* _How to complete this task_
In the data below, begin at the line with "A women’s 1-piece" and stop after the line with "โรงแรมเดอะแกรนด์จามจุรี รีสอร์ท จ.ลำพูน"; output those lines exactly and no pictures.

* _The data_
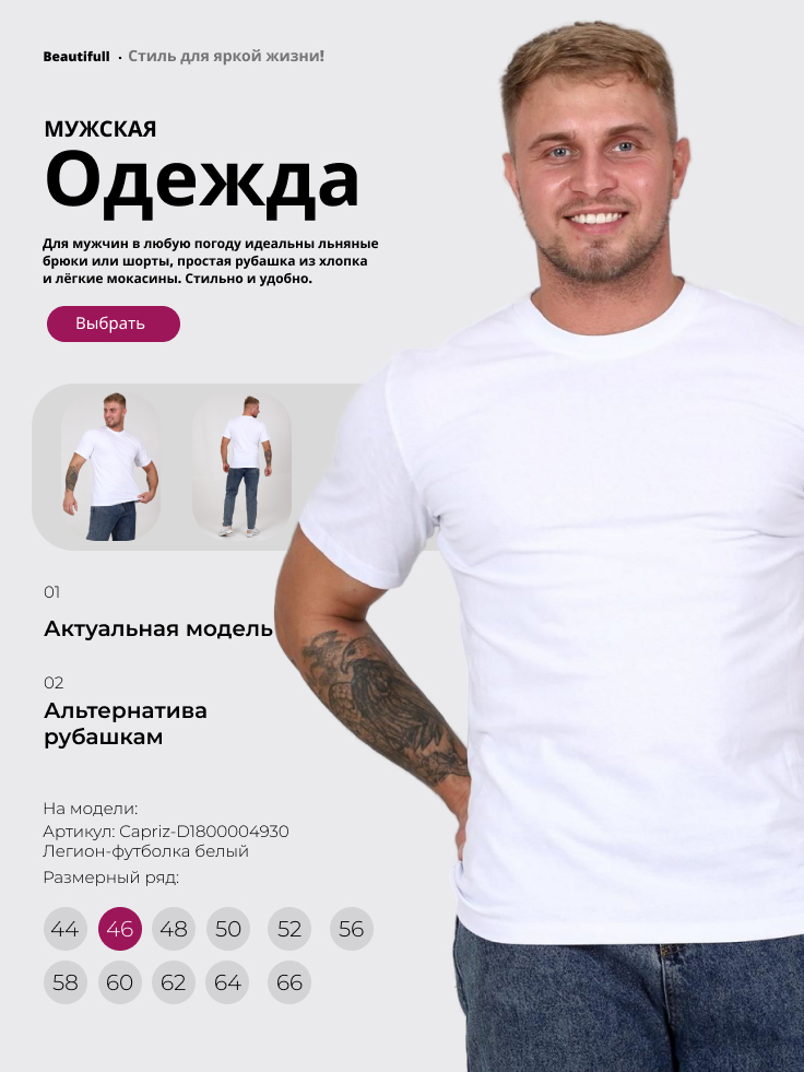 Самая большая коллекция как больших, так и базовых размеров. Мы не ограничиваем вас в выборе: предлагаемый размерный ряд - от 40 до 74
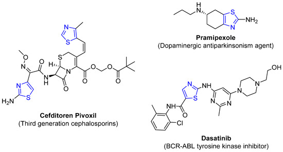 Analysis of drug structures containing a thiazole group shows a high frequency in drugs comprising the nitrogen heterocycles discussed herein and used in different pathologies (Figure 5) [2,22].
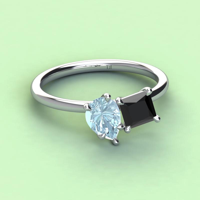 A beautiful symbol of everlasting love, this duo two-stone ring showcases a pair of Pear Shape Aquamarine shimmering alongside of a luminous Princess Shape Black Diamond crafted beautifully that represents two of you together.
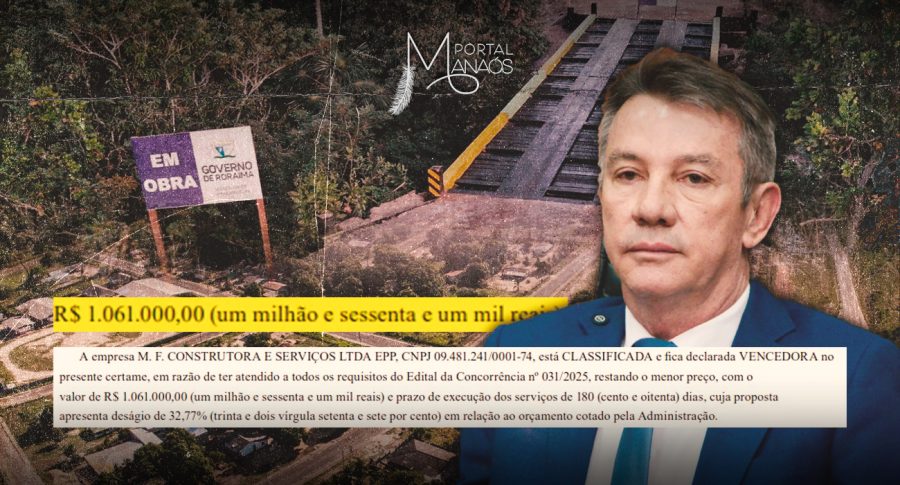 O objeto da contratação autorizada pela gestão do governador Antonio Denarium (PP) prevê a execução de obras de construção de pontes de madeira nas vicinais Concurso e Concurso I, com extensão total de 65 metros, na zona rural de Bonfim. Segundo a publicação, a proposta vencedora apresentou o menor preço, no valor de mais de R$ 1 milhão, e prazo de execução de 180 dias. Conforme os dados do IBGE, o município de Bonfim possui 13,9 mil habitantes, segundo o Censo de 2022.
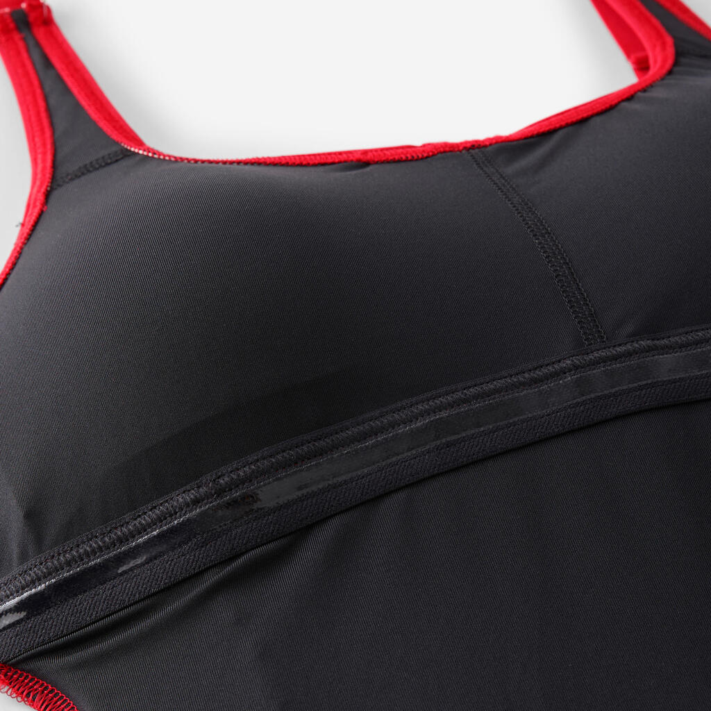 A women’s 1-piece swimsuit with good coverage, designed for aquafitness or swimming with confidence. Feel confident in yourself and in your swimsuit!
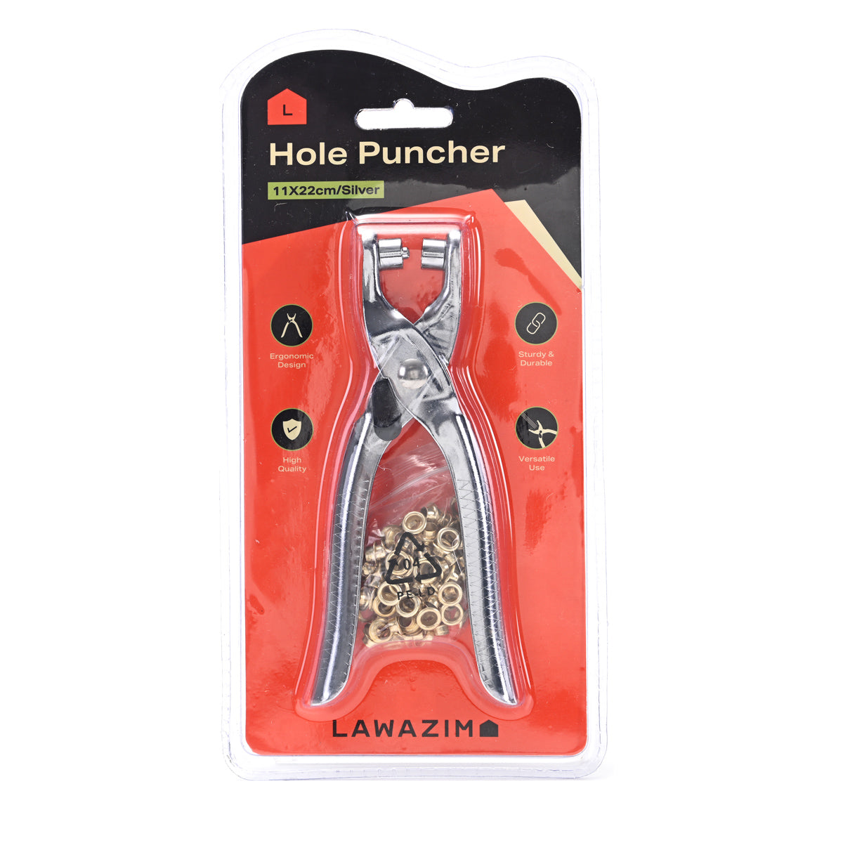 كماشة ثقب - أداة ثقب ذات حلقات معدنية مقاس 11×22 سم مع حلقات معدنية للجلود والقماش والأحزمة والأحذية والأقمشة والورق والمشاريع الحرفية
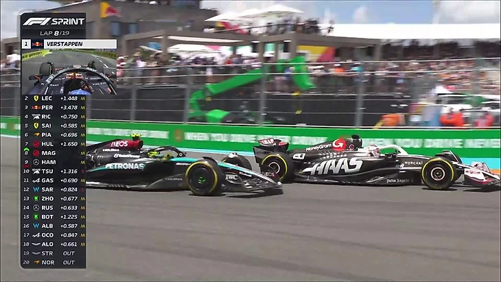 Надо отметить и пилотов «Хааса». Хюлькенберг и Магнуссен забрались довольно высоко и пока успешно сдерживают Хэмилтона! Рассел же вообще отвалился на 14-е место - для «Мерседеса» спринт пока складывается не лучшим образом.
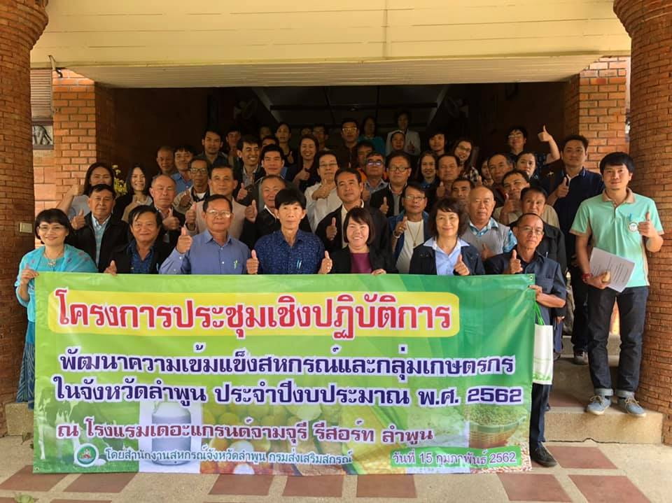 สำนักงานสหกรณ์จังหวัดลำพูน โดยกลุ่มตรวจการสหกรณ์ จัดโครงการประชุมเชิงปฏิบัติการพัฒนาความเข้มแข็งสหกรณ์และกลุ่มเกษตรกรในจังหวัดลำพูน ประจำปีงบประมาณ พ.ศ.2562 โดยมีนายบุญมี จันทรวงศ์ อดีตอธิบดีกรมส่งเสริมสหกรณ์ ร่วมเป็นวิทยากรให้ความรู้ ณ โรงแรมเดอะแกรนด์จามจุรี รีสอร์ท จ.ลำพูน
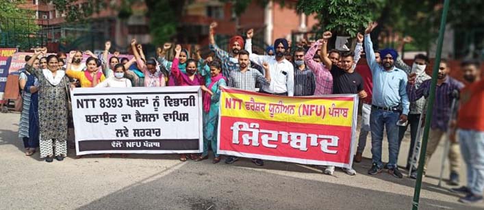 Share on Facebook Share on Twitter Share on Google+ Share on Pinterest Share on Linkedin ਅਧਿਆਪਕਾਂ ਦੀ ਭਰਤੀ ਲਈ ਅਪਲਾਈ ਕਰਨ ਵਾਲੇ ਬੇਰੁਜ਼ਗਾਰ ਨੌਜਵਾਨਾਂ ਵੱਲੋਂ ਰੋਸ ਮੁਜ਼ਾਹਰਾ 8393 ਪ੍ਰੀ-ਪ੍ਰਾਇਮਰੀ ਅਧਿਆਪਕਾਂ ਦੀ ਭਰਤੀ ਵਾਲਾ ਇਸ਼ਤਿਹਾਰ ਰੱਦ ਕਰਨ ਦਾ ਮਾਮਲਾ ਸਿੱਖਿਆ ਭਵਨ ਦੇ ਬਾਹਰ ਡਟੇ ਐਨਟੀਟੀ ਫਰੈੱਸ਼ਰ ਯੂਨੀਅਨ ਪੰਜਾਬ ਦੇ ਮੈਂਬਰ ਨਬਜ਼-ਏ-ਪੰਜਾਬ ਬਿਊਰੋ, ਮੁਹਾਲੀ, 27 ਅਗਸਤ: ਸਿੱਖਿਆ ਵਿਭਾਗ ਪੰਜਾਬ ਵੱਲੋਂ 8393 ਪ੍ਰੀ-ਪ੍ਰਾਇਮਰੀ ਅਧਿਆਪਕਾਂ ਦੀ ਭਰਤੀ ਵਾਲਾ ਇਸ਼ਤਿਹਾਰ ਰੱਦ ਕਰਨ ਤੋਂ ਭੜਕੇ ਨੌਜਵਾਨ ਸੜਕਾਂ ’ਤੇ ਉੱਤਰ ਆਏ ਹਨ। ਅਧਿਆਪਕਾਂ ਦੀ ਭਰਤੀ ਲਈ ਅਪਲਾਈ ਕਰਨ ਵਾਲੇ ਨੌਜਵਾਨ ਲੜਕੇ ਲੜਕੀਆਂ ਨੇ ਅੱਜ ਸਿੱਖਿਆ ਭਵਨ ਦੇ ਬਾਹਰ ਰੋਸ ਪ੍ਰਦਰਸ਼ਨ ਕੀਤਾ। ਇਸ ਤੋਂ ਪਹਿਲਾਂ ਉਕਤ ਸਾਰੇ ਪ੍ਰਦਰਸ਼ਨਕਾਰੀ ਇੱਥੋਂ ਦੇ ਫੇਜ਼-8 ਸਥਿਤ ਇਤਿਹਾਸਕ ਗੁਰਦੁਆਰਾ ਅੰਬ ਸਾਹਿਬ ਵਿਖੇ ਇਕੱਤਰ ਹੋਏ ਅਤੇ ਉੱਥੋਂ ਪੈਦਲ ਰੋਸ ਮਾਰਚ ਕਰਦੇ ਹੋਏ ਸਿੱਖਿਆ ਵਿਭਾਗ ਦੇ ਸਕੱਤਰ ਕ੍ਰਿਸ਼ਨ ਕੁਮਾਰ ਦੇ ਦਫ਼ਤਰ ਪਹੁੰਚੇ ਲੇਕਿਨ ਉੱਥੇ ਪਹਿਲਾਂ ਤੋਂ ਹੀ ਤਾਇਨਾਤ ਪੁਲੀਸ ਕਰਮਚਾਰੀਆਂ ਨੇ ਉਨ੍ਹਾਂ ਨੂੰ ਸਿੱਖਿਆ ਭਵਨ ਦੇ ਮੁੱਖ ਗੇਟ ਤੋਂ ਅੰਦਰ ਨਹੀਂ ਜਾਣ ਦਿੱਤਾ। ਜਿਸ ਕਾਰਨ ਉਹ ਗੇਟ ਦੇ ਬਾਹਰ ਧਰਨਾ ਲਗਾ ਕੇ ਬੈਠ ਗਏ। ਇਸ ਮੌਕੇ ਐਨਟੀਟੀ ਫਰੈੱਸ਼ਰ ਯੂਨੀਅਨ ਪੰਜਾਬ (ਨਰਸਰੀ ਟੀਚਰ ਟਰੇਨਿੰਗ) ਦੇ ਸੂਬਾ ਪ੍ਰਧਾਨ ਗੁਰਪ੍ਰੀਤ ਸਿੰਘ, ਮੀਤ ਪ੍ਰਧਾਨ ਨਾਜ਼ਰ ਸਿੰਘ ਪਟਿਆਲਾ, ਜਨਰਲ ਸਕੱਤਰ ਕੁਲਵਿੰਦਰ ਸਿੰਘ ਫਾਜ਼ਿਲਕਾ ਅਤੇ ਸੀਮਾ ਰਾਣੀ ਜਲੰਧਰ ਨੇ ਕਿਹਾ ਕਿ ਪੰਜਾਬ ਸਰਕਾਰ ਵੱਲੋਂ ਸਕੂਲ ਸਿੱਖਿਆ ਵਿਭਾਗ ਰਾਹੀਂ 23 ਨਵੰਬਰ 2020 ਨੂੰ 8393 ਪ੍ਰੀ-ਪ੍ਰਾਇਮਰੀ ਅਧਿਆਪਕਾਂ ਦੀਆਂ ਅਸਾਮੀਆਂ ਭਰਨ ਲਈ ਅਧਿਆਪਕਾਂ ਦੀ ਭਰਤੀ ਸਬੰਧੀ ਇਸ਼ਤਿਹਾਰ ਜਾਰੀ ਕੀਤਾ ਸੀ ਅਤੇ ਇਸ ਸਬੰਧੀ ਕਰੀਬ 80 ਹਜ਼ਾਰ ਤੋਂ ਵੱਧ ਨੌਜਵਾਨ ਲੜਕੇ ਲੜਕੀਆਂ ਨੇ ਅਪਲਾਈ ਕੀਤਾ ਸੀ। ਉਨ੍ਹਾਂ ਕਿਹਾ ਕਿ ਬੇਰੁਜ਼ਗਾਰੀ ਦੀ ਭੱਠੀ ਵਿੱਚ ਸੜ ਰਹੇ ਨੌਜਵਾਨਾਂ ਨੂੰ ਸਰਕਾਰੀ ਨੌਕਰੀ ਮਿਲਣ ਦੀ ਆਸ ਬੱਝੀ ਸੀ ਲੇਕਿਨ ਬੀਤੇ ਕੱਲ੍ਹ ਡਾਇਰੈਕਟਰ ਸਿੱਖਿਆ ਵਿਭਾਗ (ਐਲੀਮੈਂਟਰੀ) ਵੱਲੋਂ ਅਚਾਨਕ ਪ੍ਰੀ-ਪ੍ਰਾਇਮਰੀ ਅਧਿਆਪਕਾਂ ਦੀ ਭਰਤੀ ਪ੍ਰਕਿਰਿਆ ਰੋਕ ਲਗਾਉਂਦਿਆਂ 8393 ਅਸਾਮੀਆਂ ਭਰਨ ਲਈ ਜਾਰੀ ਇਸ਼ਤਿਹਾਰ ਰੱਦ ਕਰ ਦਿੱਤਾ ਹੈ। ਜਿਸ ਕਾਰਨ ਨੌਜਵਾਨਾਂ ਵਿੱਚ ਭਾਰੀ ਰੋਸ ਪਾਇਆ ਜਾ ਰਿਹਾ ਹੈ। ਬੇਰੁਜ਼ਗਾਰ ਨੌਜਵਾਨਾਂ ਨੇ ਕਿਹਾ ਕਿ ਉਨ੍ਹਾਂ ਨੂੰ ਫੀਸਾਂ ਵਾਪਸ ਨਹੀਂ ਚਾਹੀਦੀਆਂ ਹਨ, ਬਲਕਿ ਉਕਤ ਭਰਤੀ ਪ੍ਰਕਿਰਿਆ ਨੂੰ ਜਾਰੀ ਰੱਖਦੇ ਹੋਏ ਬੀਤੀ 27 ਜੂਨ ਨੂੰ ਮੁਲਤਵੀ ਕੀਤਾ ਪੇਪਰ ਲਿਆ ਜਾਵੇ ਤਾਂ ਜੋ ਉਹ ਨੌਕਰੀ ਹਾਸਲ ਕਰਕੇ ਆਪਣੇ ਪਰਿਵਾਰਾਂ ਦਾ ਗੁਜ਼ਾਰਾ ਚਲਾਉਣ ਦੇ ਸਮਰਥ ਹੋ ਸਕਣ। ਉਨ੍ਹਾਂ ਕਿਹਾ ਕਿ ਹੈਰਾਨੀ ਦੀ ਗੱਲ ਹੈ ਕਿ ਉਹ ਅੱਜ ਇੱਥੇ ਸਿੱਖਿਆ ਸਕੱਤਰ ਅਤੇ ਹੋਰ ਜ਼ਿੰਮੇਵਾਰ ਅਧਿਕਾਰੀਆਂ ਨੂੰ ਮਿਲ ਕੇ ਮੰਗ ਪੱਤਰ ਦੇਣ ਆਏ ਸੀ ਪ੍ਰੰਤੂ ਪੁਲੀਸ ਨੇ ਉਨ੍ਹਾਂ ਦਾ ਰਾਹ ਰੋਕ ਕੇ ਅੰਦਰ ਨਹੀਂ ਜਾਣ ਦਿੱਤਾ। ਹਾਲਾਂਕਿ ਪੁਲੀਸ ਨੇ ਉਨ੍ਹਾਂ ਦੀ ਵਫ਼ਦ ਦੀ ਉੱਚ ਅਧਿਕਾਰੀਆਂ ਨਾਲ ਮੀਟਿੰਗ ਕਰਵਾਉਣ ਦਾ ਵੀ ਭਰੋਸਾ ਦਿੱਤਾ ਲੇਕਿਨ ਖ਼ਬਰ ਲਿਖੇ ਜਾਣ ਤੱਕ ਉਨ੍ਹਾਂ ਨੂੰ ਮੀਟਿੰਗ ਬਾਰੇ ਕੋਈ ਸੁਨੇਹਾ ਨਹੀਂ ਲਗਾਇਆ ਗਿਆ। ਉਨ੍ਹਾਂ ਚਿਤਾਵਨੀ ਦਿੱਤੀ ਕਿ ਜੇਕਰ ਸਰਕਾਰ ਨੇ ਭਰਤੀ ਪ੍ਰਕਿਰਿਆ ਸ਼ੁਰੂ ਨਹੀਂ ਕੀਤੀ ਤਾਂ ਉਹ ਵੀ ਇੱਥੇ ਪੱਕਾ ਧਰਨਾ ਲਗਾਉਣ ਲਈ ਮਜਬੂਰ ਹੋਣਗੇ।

* _Solution to this task_
 A women’s 1-piece swimsuit with good coverage, designed for aquafitness or swimming with confidence. Feel confident in yourself and in your swimsuit!
 كماشة ثقب - أداة ثقب ذات حلقات معدنية مقاس 11×22 سم مع حلقات معدنية للجلود والقماش والأحزمة والأحذية والأقمشة والورق والمشاريع الحرفية
 Надо отметить и пилотов «Хааса». Хюлькенберг и Магнуссен забрались довольно высоко и пока успешно сдерживают Хэмилтона! Рассел же вообще отвалился на 14-е место - для «Мерседеса» спринт пока складывается не лучшим образом.
 สำนักงานสหกรณ์จังหวัดลำพูน โดยกลุ่มตรวจการสหกรณ์ จัดโครงการประชุมเชิงปฏิบัติการพัฒนาความเข้มแข็งสหกรณ์และกลุ่มเกษตรกรในจังหวัดลำพูน ประจำปีงบประมาณ พ.ศ.2562 โดยมีนายบุญมี จันทรวงศ์ อดีตอธิบดีกรมส่งเสริมสหกรณ์ ร่วมเป็นวิทยากรให้ความรู้ ณ โรงแรมเดอะแกรนด์จามจุรี รีสอร์ท จ.ลำพูน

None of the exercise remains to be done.